◆ **SOURCE INFORMATION**

------------------------------------

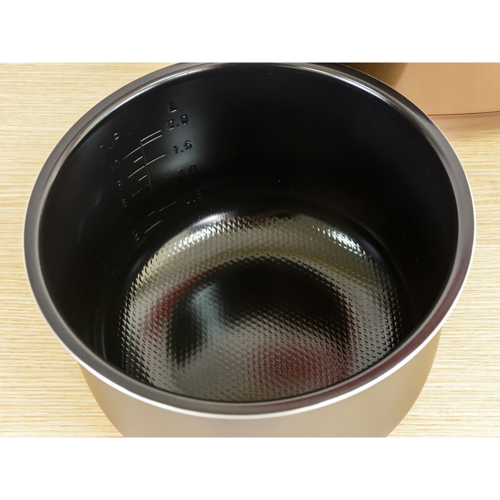 - Lòng nồi làm từ nhôm dày dặn, phủ lớp chống dính cao cấp và bền bỉ, không thôi nhiễm các chất độc hại ở nhiệt độ cao. Lớp chống dính này sẽ giúp hạt cơm chín tơi xốp mà không bị sát xuống đáy nồi gây cháy khét, giúp bạn dễ vệ sinh, lau chùi.
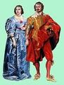 Мужчина одет в расшитый облегающий колет с завышенной линией талии и удлиненными полами. Горловина колета обработана стойкой, которую скрывает батистовый, украшенный кружевом "вандейковский" отложной воротник. Спереди колет застегнут на множество пуговиц от ворота до талии. Рукава имеют по переднему шву продольный разрез, сквозь который видны широкие рукава 6aтистовой сорочки. Удлиненные штаны кончаются под коленом. По внешнему шву штанины украшены воздушными петлями из тесьмы и пуговицами. Па ногax - шелковые чулки и туфли с низким каблуком и oткрытыми боками. Длинный плащ обернут вокруг туловища.
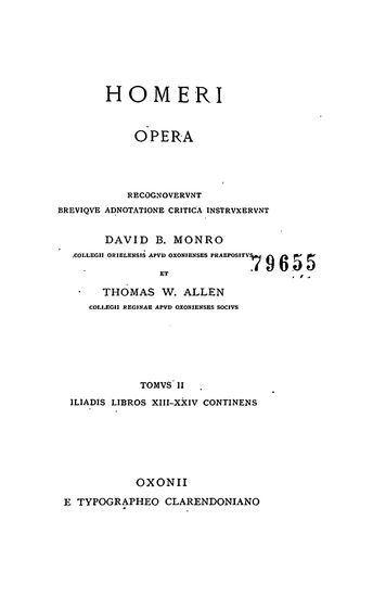 Homeri Opera, Vol. II- Iliadis Libros XIII-XXIV contine ...
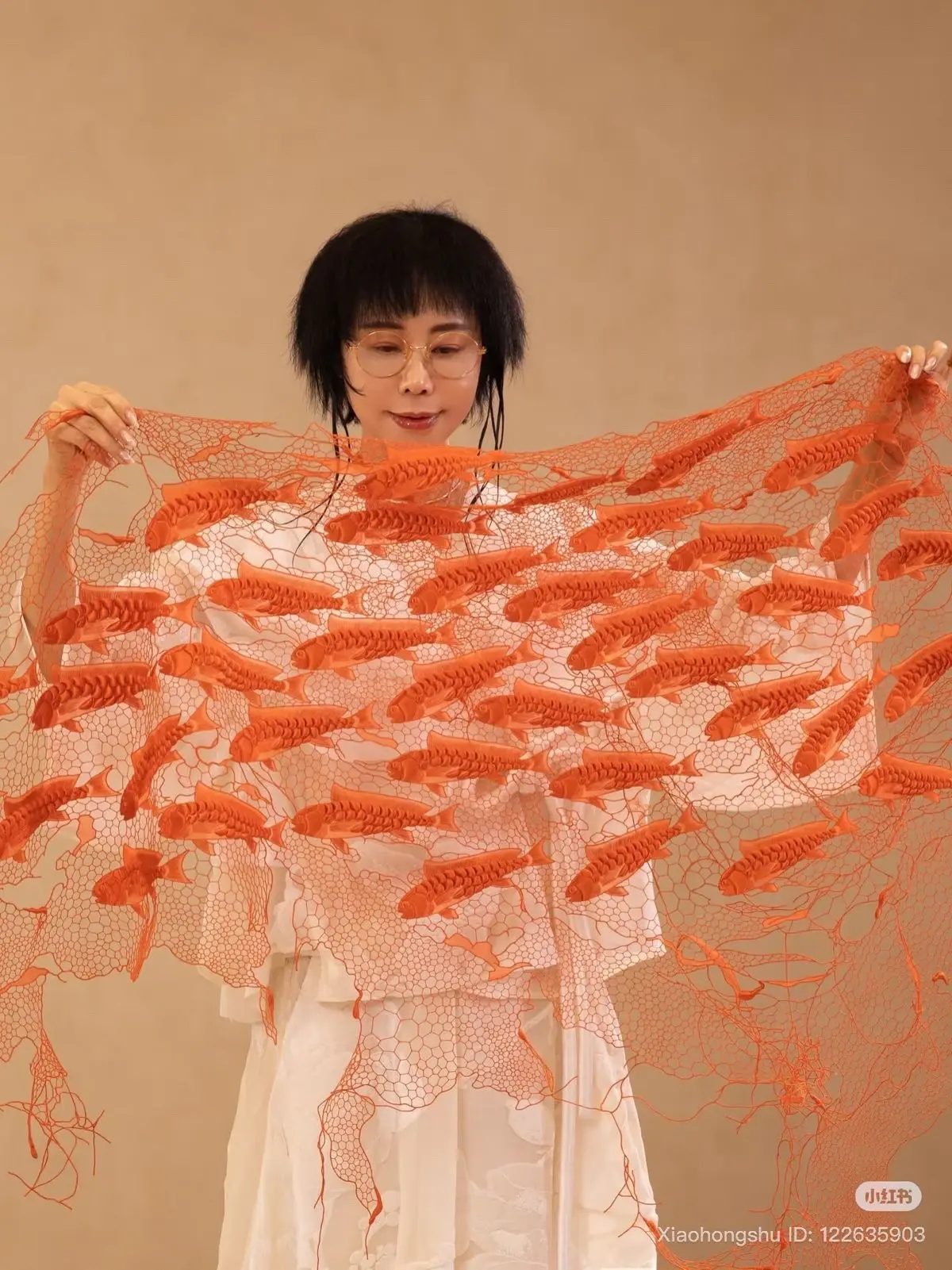 Textile art featuring a school of orange croaker fish, by artist Lin Xia.This is piece of Taizhou embroidery, a traditional Chinese textile art form from Zhejiang province. #WomensArt #Art 🇨🇳
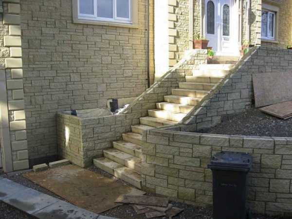 Коробчатую конструкцию крыльца крепят к поверхности стены дома с помощью эластичного клея, непосредственно к поверхности фундамента крыльцо обычно не крепят.
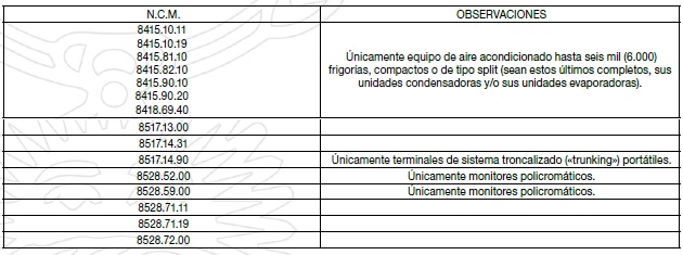 Que resulta necesario reducir transitoriamente la tasa del citado gravamen para determinadas mercaderías, tales como máquinas y aparatos para acondicionamiento de aire y sus partes, grupos frigoríficos, teléfonos, monitores y aparatos receptores de televisión, que clasifican en las posiciones arancelarias de la Nomenclatura Común del MERCOSUR (N.C.M.) 8415.10.11, 8415.10.19, 8415.81.10, 8415.82.10, 8415.90.10, 8415.90.20, 8418.69.40, 8517.13.00, 8517.14.31, 8517.14.90, 8528.52.00, 8528.59.00, 8528.71.11, 8528.71.19 y 8528.72.00 y establecer en CERO POR CIENTO (0 %) dicha tasa cuando los referidos bienes sean fabricados por empresas beneficiarias del régimen de la Ley N° 19.640, siempre que acrediten origen en la mencionada Área Aduanera Especial.
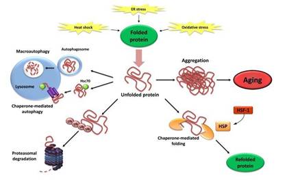 L'invecchiamento e alcune malattie ad esso associate sono collegate ad un'alterazione della proteostasi, cioè dei meccanismi che controllano la sintesi, la conformazione (il folding), la degradazione e l' aggregazione proteica (Powers et al., 009; Parenti G. et al., 20 2). Tra gli elementi coinvolti nella proteostasi si hanno proteine deputate a garantire la corretta conformazione, principalmente appartenenti alla famiglia delle
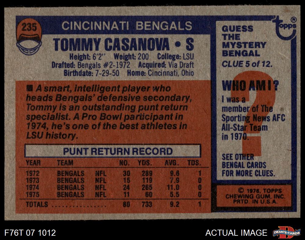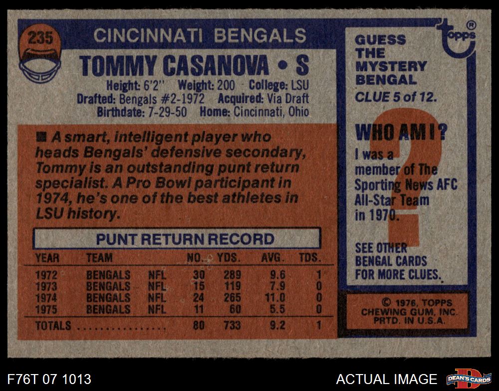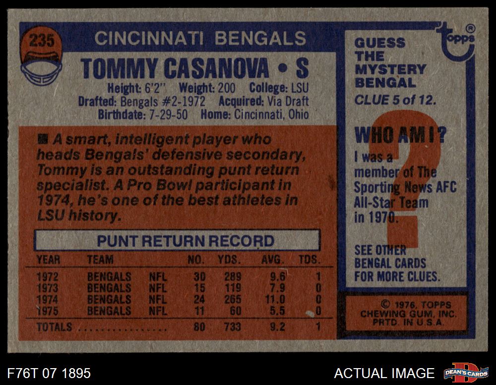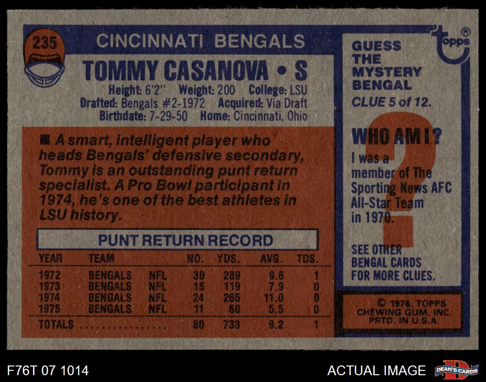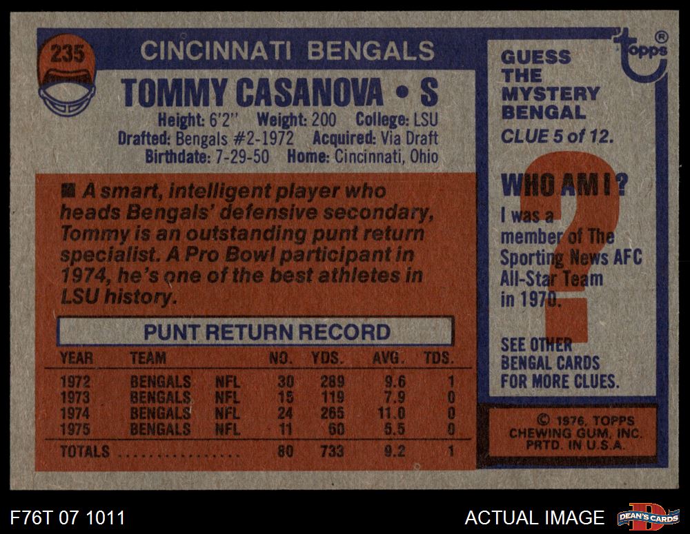 1976 Topps #235 Tommy Casanova
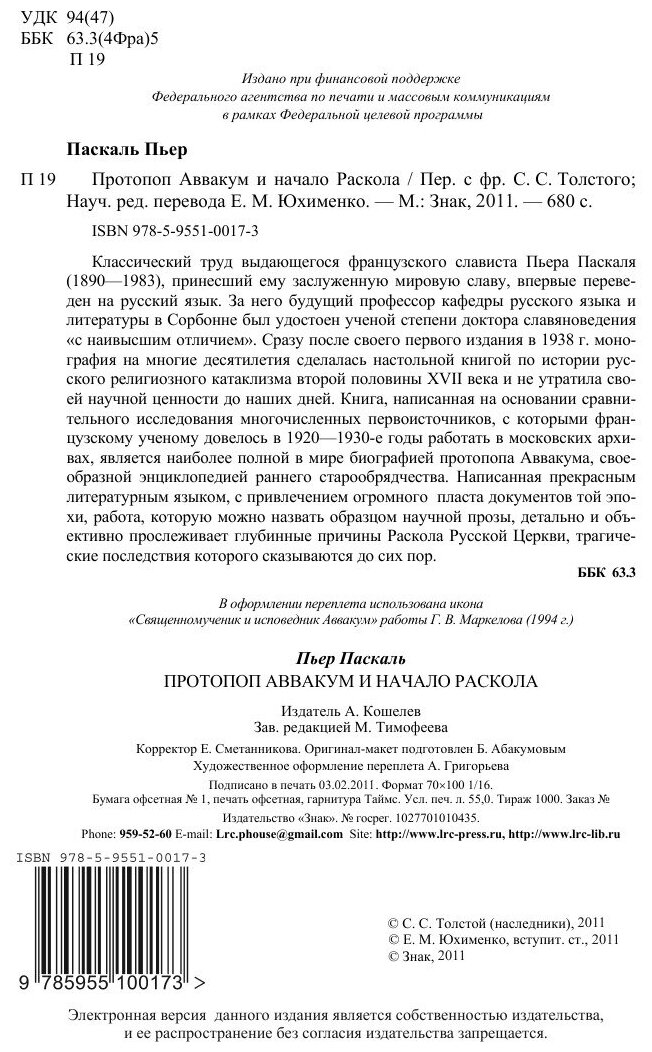 "Житие" протопопа Аввакума В. Пикуль называл «фундаментом русской литературы» и утверждал, что не зная Аввакума нельзя знать и русскую литературу. Очень жаль что сами рукописи не дошли до нас – только списки-копии. Книга, написанная на документальном материале французским ученым и опубликованная в Париже в 1938 году! Книга о расколе русской церкви, о религиозных проблемах семнадцатого века. Книга о человеке великой воли, непоколебимой веры. Книга будет интересна тем, кто интересуется историей русской церкви, да и России вообще. Спасибо Пьеру Паскалю за его труд!
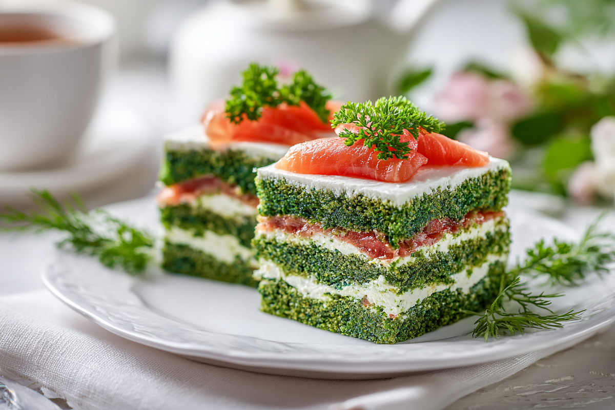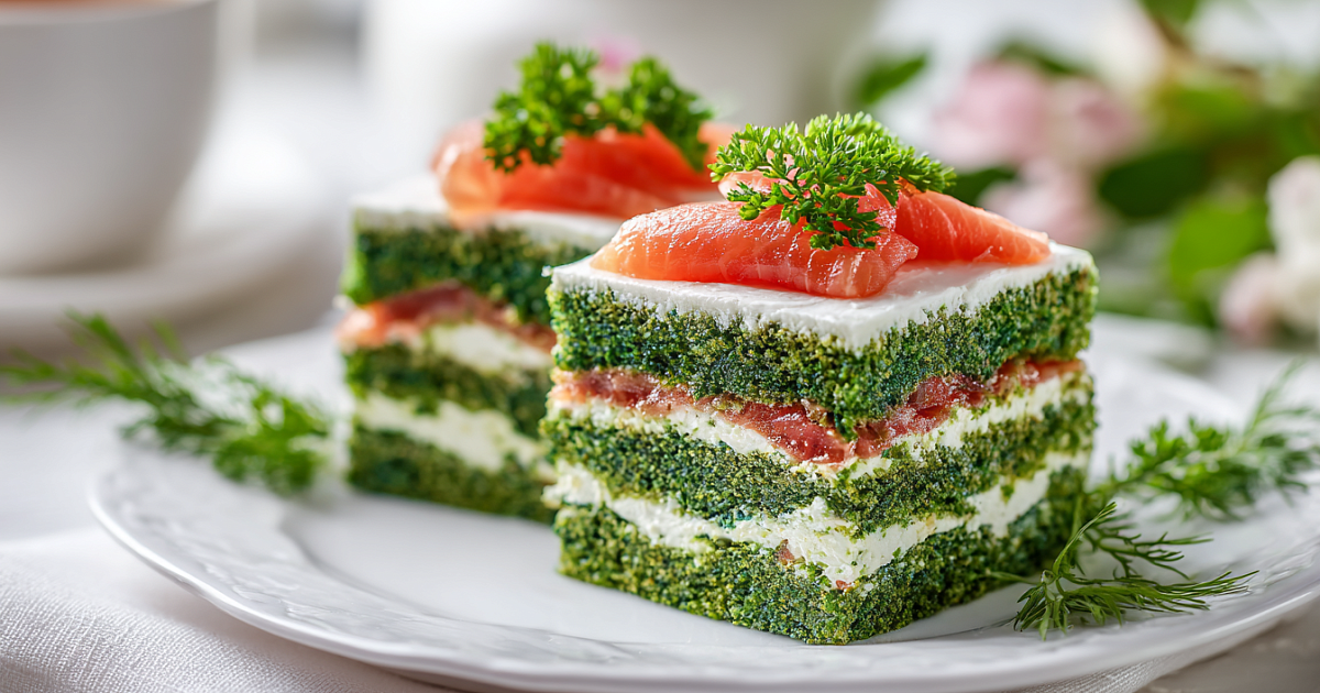 Этот эффектный закусочный торт из шпинатного бисквита с творожным кремом и красной рыбой выглядит празднично, а готовится быстро и просто — без сложной выпечки.

------------------------------------

Omit the pictures and copy the records above exactly.

◆ **EXERCISE RESPONSE**
 - Lòng nồi làm từ nhôm dày dặn, phủ lớp chống dính cao cấp và bền bỉ, không thôi nhiễm các chất độc hại ở nhiệt độ cao. Lớp chống dính này sẽ giúp hạt cơm chín tơi xốp mà không bị sát xuống đáy nồi gây cháy khét, giúp bạn dễ vệ sinh, lau chùi.
 Мужчина одет в расшитый облегающий колет с завышенной линией талии и удлиненными полами. Горловина колета обработана стойкой, которую скрывает батистовый, украшенный кружевом "вандейковский" отложной воротник. Спереди колет застегнут на множество пуговиц от ворота до талии. Рукава имеют по переднему шву продольный разрез, сквозь который видны широкие рукава 6aтистовой сорочки. Удлиненные штаны кончаются под коленом. По внешнему шву штанины украшены воздушными петлями из тесьмы и пуговицами. Па ногax - шелковые чулки и туфли с низким каблуком и oткрытыми боками. Длинный плащ обернут вокруг туловища.
 Homeri Opera, Vol. II- Iliadis Libros XIII-XXIV contine ...
 Textile art featuring a school of orange croaker fish, by artist Lin Xia.This is piece of Taizhou embroidery, a traditional Chinese textile art form from Zhejiang province. #WomensArt #Art 🇨🇳
 Коробчатую конструкцию крыльца крепят к поверхности стены дома с помощью эластичного клея, непосредственно к поверхности фундамента крыльцо обычно не крепят.
 Que resulta necesario reducir transitoriamente la tasa del citado gravamen para determinadas mercaderías, tales como máquinas y aparatos para acondicionamiento de aire y sus partes, grupos frigoríficos, teléfonos, monitores y aparatos receptores de televisión, que clasifican en las posiciones arancelarias de la Nomenclatura Común del MERCOSUR (N.C.M.) 8415.10.11, 8415.10.19, 8415.81.10, 8415.82.10, 8415.90.10, 8415.90.20, 8418.69.40, 8517.13.00, 8517.14.31, 8517.14.90, 8528.52.00, 8528.59.00, 8528.71.11, 8528.71.19 y 8528.72.00 y establecer en CERO POR CIENTO (0 %) dicha tasa cuando los referidos bienes sean fabricados por empresas beneficiarias del régimen de la Ley N° 19.640, siempre que acrediten origen en la mencionada Área Aduanera Especial.
 L'invecchiamento e alcune malattie ad esso associate sono collegate ad un'alterazione della proteostasi, cioè dei meccanismi che controllano la sintesi, la conformazione (il folding), la degradazione e l' aggregazione proteica (Powers et al., 009; Parenti G. et al., 20 2). Tra gli elementi coinvolti nella proteostasi si hanno proteine deputate a garantire la corretta conformazione, principalmente appartenenti alla famiglia delle
 1976 Topps #235 Tommy Casanova
 "Житие" протопопа Аввакума В. Пикуль называл «фундаментом русской литературы» и утверждал, что не зная Аввакума нельзя знать и русскую литературу. Очень жаль что сами рукописи не дошли до нас – только списки-копии. Книга, написанная на документальном материале французским ученым и опубликованная в Париже в 1938 году! Книга о расколе русской церкви, о религиозных проблемах семнадцатого века. Книга о человеке великой воли, непоколебимой веры. Книга будет интересна тем, кто интересуется историей русской церкви, да и России вообще. Спасибо Пьеру Паскалю за его труд!
 Этот эффектный закусочный торт из шпинатного бисквита с творожным кремом и красной рыбой выглядит празднично, а готовится быстро и просто — без сложной выпечки.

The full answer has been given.